| DESCRIPTION OF THE TASK |
Please copy out the entries exactly, skipping any pictures.

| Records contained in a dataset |

━━━━

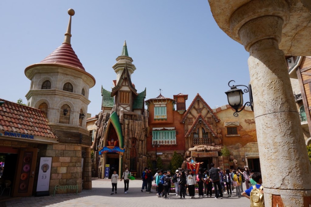 In het report over E-World sprak ik al over de Foreigner Discount, waar vele Zuid-Koreaanse parken maar wat graag mee uitpakken. In Gyeongju World vinden we helaas geen korting voor buitenlandse bezoekers, maar er is wel een voordelig tarief voor gasten die in de nabije omgeving overnachten. En inderdaad: nadat we onze boekingsbevestiging tonen, wordt ons ticket plots 13.000 won (ongeveer 9 euro) goedkoper. We betreden Gyeongju World dus met een goed gevoel, wat mede aan het zomerse weer te danken is. Bovendien heet het park ons welkom met een prachtige inkomzone vol prettig ogende façades. Neem echter liever geen kijkje áchter die gevels. Het interieur van de grote souvenirshop is immers kil en de zaak wordt verlicht door spierwitte TL-lampen. Weg sfeer.
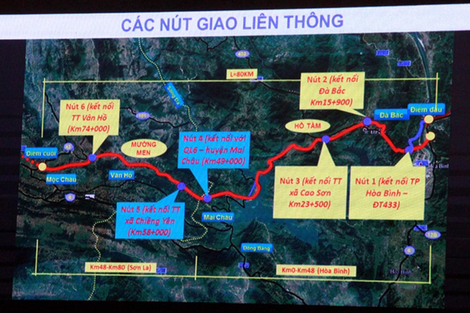 Dự án cao tốc Hòa Bình - Mộc Châu dài khoảng 85km, đi qua địa phận tỉnh Hòa Bình khoảng 49km, đoạn qua tỉnh Sơn La khoảng 36km. Dự án được phân kỳ đầu tư, giai đoạn 1 xây dựng quy mô 4 làn xe, nền đường rộng 17m, mặt đường rộng 14m, vận tốc thiết kế 80km/h. UBND tỉnh Sơn La được Thủ tướng Chính phủ giao nhiệm vụ là cơ quan Nhà nước có thẩm quyền thực hiện D.A.
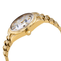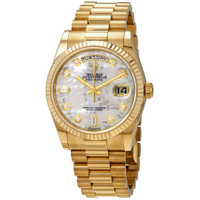 18kt yellow gold case with a 18kt yellow gold rolex president bracelet. Fixed fluted 18kt yellow gold bezel. White mother-of-pearl dial with yellow gold-tone hands and diamond hour markers. Dial Type: Analog. Date display at 3 o'clock; day display at 12 o'clock.. Rolex Calibre 3155 automatic movement with a 48-hour power reserve. Scratch resistant sapphire crystal. Screw down crown. Solid case back. Round case shape. Case size: 36 mm. Concealed crown clasp. Water resistant at 100 meters / 330 feet. Functions: date, day, hour, minute, second, chronometer. Luxury watch style. Watch label: Swiss Made. Item Variations: 118238, 118238-MDP , Rolex-118238, Rolex-118238-MDP 118238, 118238-MDP, Rolex-11. Rolex Day-Date White Mother-Of-Pearl Dial 18K Yellow Gold President Automatic Men's Watch 118238MDP. GENERAL Color: Gold / Mother of pearl / White / Yellow CASE Case Size: 36 Case Material: 18kt Yellow Gold Case Shape: Round Case Back: Solid BAND Band Material: 18kt Yellow Gold Rolex President Band Type: Bracelet Clasp: Concealed Crown DIAL Dial Color: White Mother-Of-Pearl Type: Analog Crystal: Scratch Resistant Sapphire Hands: Yellow Gold-Tone Dial Markers: Diamond Bezel: Fixed fluted Bezel Material: 18kt Yellow Gold Crown: Screw Down INFORMATION Brand: Rolex Series: Day-Date Collection Name: Day-Date Gender: Mens Model: 118238MDP Watch Label: Swiss Made Movement: Automatic Engine: Rolex Calibre 3155 Power Reserve: 48 hours FEATURES Water Resistance: 100 meters / 330 feet Calendar: Date display at 3 o'clock; Day Display at 12 o'clock. Functions: Date, Day, Hour, Minute, Second, Chronometer Watch Features: Diamond, Gold, Chronometer, Analog ADDITIONAL INFO Watch Style: Luxury Warranty: 2 Year Jomashop Warranty UPC Code: 845960083751 Jomashop Sku: RLX118238MDP Item Variation: 118238, 118238-MDP , Rolex-118238, Rolex-118238-MDP 118238, 118238-MDP, Rolex-11 Department: Watches Category: Watches
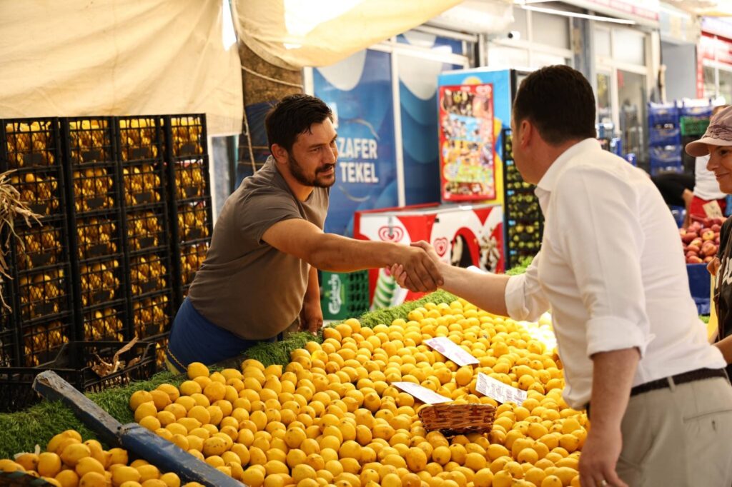Başkan Balcıoğlu, pazar ziyaretinde esnafla sohbet ederek, onların sorunlarını ve beklentilerini dinledi. Pazar esnafının işlerini daha iyi yapabilmesi için gerekli düzenlemeleri yapacaklarını belirten Balcıoğlu, “Esnafımızın taleplerini dinlemek ve sorunlarına çözüm üretmek bizim için çok önemli. Bugün burada esnafımızla ve hemşehrilerimizle bir araya gelerek onların ihtiyaçlarını dinledik ve çözüme kavuşturmak üzere notlarımızı aldık,” dedi.
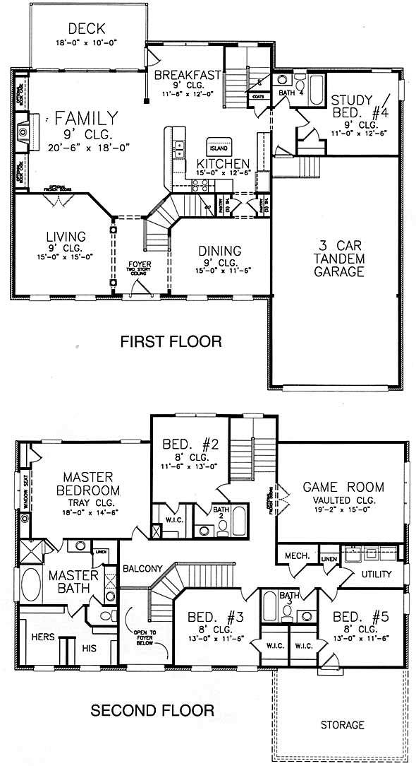 This home has a living room with columns, dining room, family room with fireplace, large eat-in kitchen with island and a study or optional bedroom downstairs. One of the two staircases is curved leading up from the two-story foyer. The master suite upstairs has tray ceiling and upstairs game room has a vaulted ceiling.

━━━━

| RESULT OF THE EXERCISE |
 In het report over E-World sprak ik al over de Foreigner Discount, waar vele Zuid-Koreaanse parken maar wat graag mee uitpakken. In Gyeongju World vinden we helaas geen korting voor buitenlandse bezoekers, maar er is wel een voordelig tarief voor gasten die in de nabije omgeving overnachten. En inderdaad: nadat we onze boekingsbevestiging tonen, wordt ons ticket plots 13.000 won (ongeveer 9 euro) goedkoper. We betreden Gyeongju World dus met een goed gevoel, wat mede aan het zomerse weer te danken is. Bovendien heet het park ons welkom met een prachtige inkomzone vol prettig ogende façades. Neem echter liever geen kijkje áchter die gevels. Het interieur van de grote souvenirshop is immers kil en de zaak wordt verlicht door spierwitte TL-lampen. Weg sfeer.
 Dự án cao tốc Hòa Bình - Mộc Châu dài khoảng 85km, đi qua địa phận tỉnh Hòa Bình khoảng 49km, đoạn qua tỉnh Sơn La khoảng 36km. Dự án được phân kỳ đầu tư, giai đoạn 1 xây dựng quy mô 4 làn xe, nền đường rộng 17m, mặt đường rộng 14m, vận tốc thiết kế 80km/h. UBND tỉnh Sơn La được Thủ tướng Chính phủ giao nhiệm vụ là cơ quan Nhà nước có thẩm quyền thực hiện D.A.
 18kt yellow gold case with a 18kt yellow gold rolex president bracelet. Fixed fluted 18kt yellow gold bezel. White mother-of-pearl dial with yellow gold-tone hands and diamond hour markers. Dial Type: Analog. Date display at 3 o'clock; day display at 12 o'clock.. Rolex Calibre 3155 automatic movement with a 48-hour power reserve. Scratch resistant sapphire crystal. Screw down crown. Solid case back. Round case shape. Case size: 36 mm. Concealed crown clasp. Water resistant at 100 meters / 330 feet. Functions: date, day, hour, minute, second, chronometer. Luxury watch style. Watch label: Swiss Made. Item Variations: 118238, 118238-MDP , Rolex-118238, Rolex-118238-MDP 118238, 118238-MDP, Rolex-11. Rolex Day-Date White Mother-Of-Pearl Dial 18K Yellow Gold President Automatic Men's Watch 118238MDP. GENERAL Color: Gold / Mother of pearl / White / Yellow CASE Case Size: 36 Case Material: 18kt Yellow Gold Case Shape: Round Case Back: Solid BAND Band Material: 18kt Yellow Gold Rolex President Band Type: Bracelet Clasp: Concealed Crown DIAL Dial Color: White Mother-Of-Pearl Type: Analog Crystal: Scratch Resistant Sapphire Hands: Yellow Gold-Tone Dial Markers: Diamond Bezel: Fixed fluted Bezel Material: 18kt Yellow Gold Crown: Screw Down INFORMATION Brand: Rolex Series: Day-Date Collection Name: Day-Date Gender: Mens Model: 118238MDP Watch Label: Swiss Made Movement: Automatic Engine: Rolex Calibre 3155 Power Reserve: 48 hours FEATURES Water Resistance: 100 meters / 330 feet Calendar: Date display at 3 o'clock; Day Display at 12 o'clock. Functions: Date, Day, Hour, Minute, Second, Chronometer Watch Features: Diamond, Gold, Chronometer, Analog ADDITIONAL INFO Watch Style: Luxury Warranty: 2 Year Jomashop Warranty UPC Code: 845960083751 Jomashop Sku: RLX118238MDP Item Variation: 118238, 118238-MDP , Rolex-118238, Rolex-118238-MDP 118238, 118238-MDP, Rolex-11 Department: Watches Category: Watches
Başkan Balcıoğlu, pazar ziyaretinde esnafla sohbet ederek, onların sorunlarını ve beklentilerini dinledi. Pazar esnafının işlerini daha iyi yapabilmesi için gerekli düzenlemeleri yapacaklarını belirten Balcıoğlu, “Esnafımızın taleplerini dinlemek ve sorunlarına çözüm üretmek bizim için çok önemli. Bugün burada esnafımızla ve hemşehrilerimizle bir araya gelerek onların ihtiyaçlarını dinledik ve çözüme kavuşturmak üzere notlarımızı aldık,” dedi.
 This home has a living room with columns, dining room, family room with fireplace, large eat-in kitchen with island and a study or optional bedroom downstairs. One of the two staircases is curved leading up from the two-story foyer. The master suite upstairs has tray ceiling and upstairs game room has a vaulted ceiling.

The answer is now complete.